Instructions to follow: No picture belongs in the answer, which must hold exactly the lines from the one with "It has one adjustable" through the final line below.

Collected material:
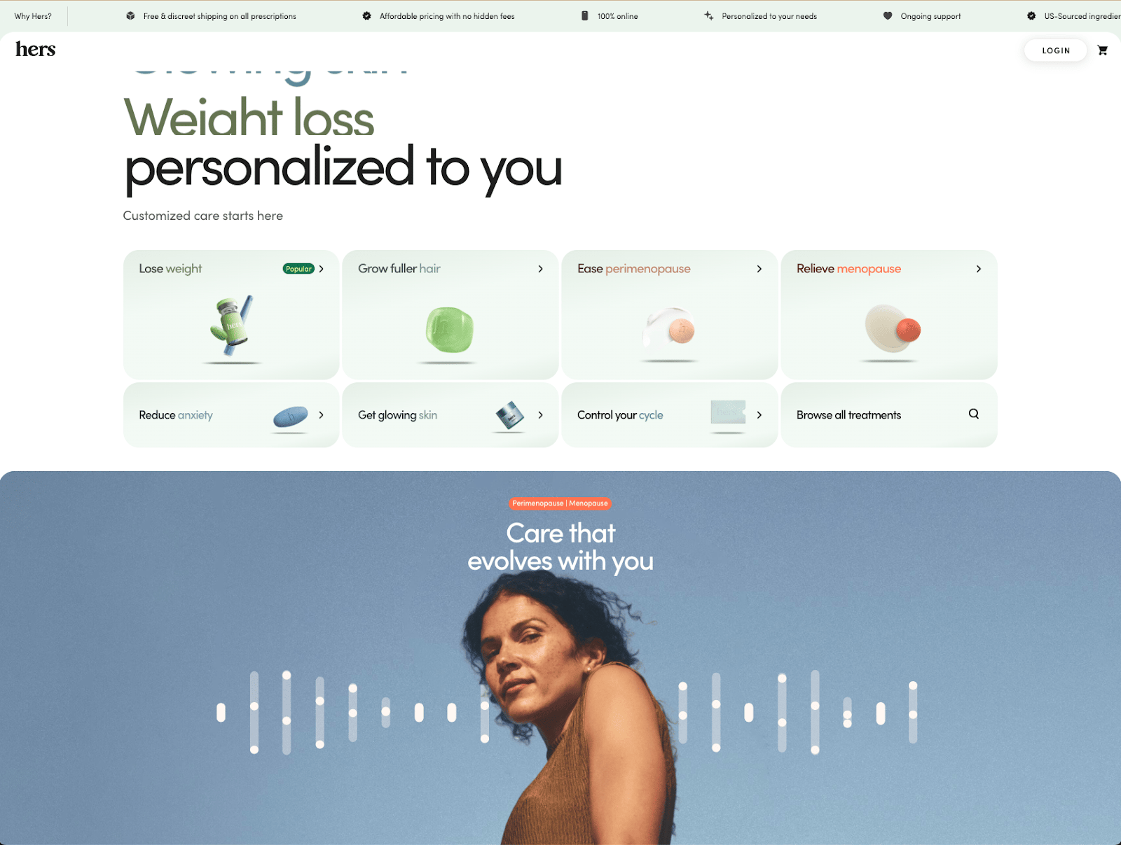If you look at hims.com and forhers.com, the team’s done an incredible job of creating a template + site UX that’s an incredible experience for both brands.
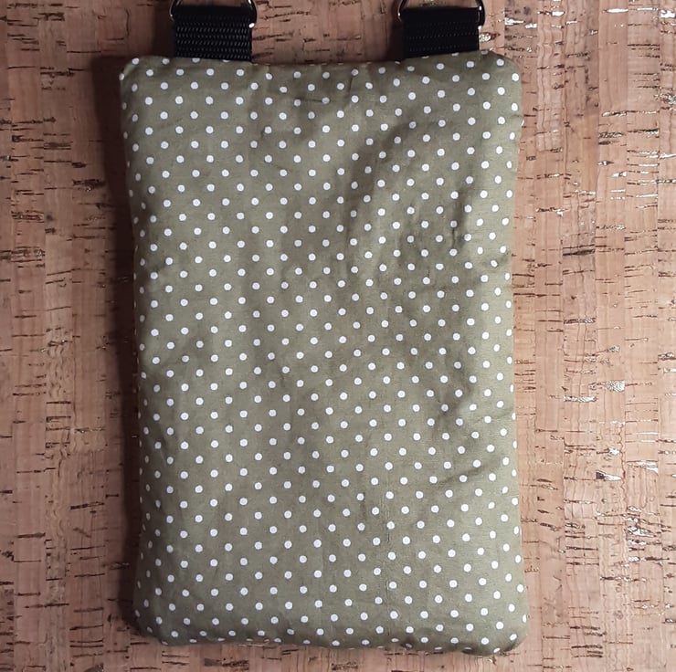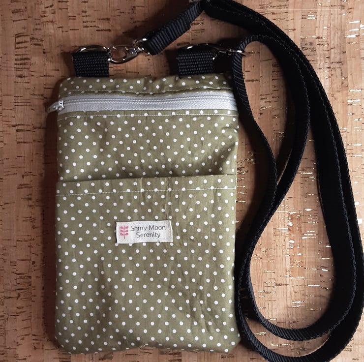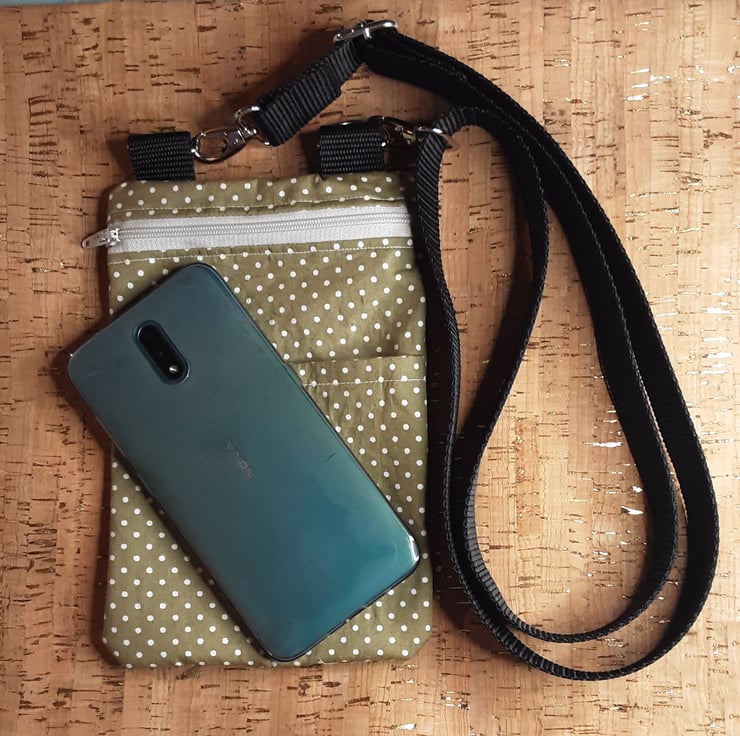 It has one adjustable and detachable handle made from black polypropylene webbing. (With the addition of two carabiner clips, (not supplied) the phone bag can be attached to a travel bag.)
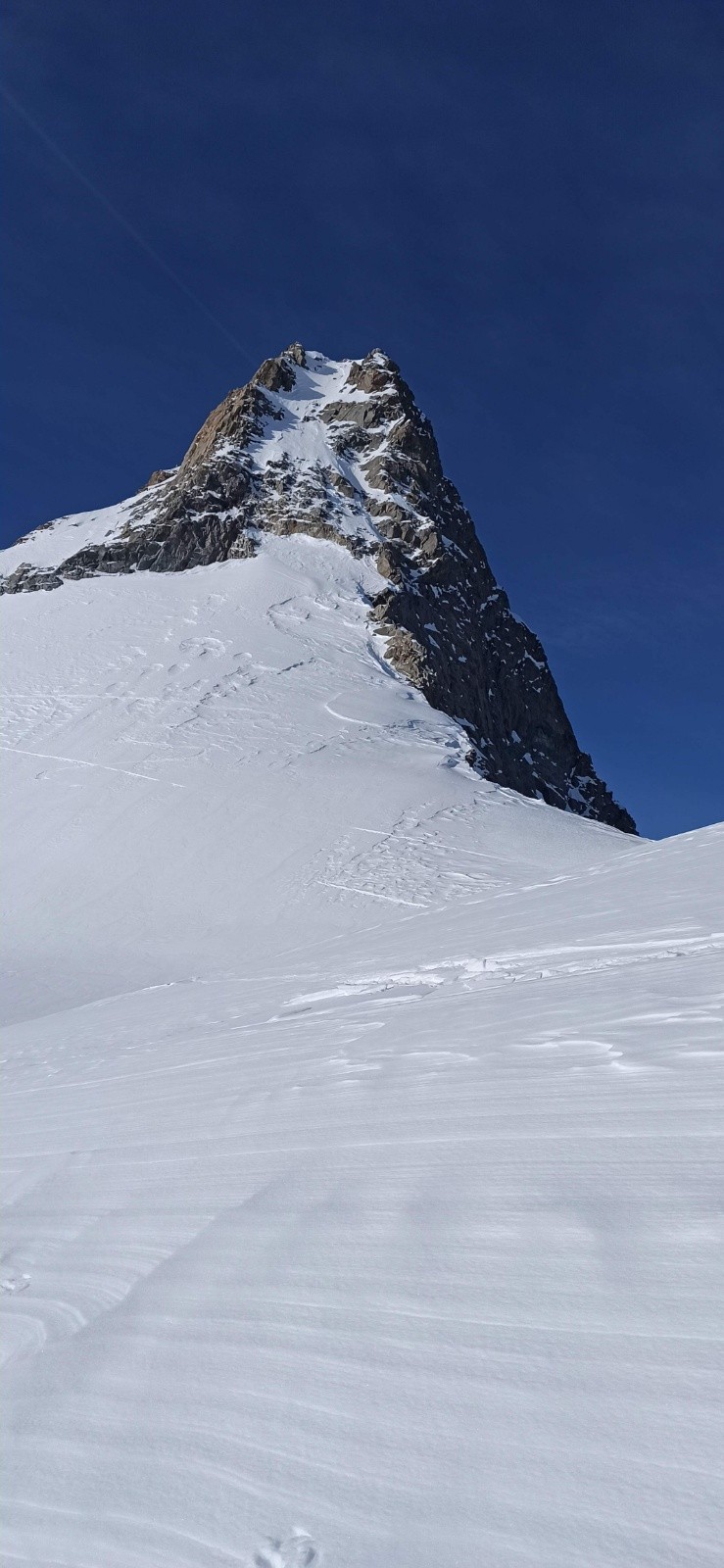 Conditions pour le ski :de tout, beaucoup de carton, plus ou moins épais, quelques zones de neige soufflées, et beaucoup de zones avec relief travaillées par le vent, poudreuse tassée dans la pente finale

Solution for this problem:
 It has one adjustable and detachable handle made from black polypropylene webbing. (With the addition of two carabiner clips, (not supplied) the phone bag can be attached to a travel bag.)
 Conditions pour le ski :de tout, beaucoup de carton, plus ou moins épais, quelques zones de neige soufflées, et beaucoup de zones avec relief travaillées par le vent, poudreuse tassée dans la pente finale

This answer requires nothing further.